9. Investment business
The Directive on Undertakings for Collective Investment in Transferable Securities (UCITS), which has been implemented into the InvG in Germany, follows the principles of mutual recognition and control by the Member State of origin (country of registered office). Concerning rights and obligations defining the requirements for subscription or re-purchase of shares in UCITS, the consumer-protecting choice of law barriers of Rome I do not apply (Art 6(4)(d) Rome I).

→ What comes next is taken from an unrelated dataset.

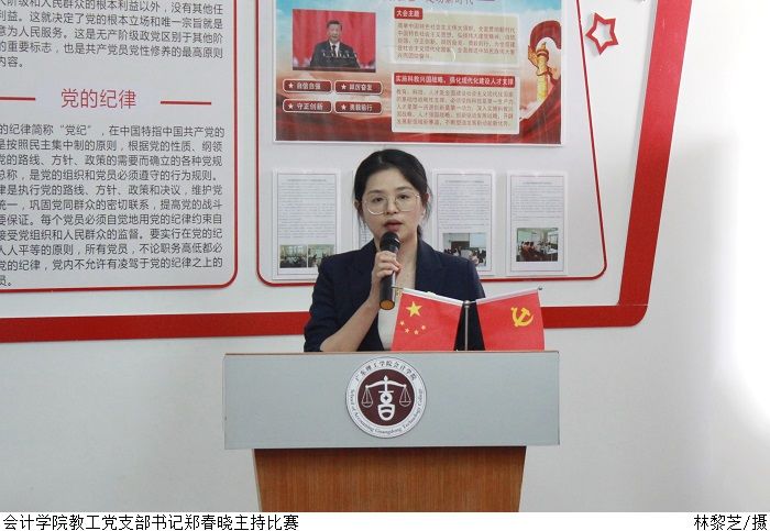 本网讯(会计学院学生党支部先锋队 张颖)为深入学习宣传贯彻党的二十大精神,教育引导广大党员教师踔厉奋发、勇毅前行,切实把思想和行动统一到党的二十大精神上来,落实立德树人的根本任务,2023年3月21日下午14点30分会计学院教工党支部在高要校区7栋303党员活动室举行了以“立德树人践初心、培根铸魂育新人”为主题微党课比赛。学校组织部部长廖振宇、师资处处长赵宇宏、学生处处长谭蒙革出席本次比赛并担任评委,会计学院党总支书记黎伯毅、教工党支部书记郑春晓、部分党员教师及学生党员代表到现场观看比赛。

Despite its unilateral regulatory approach, which formally dominates, European capital markets conflict law is characterized by a considerable degree of harmonization, which is based on the principles of either minimum or full harmonization, control of the country of origin and mutual recognition. The Lamfalussy process and the recent creation of the European system of financial supervision have contributed to an improvement of the implementation of the law based on directives. In the transatlantic context, regardless of the irritations provoked by the Sarbanes-Oxley Act, the SEC shows tendencies to adopt a closer coordination with the European supervisory authorities and a willingness to accept foreign or supranational rules (eg IFRS) as equivalent to US rules. The recent restrictive ruling of the US Supreme Court in Morrison has also been welcomed by European issuers.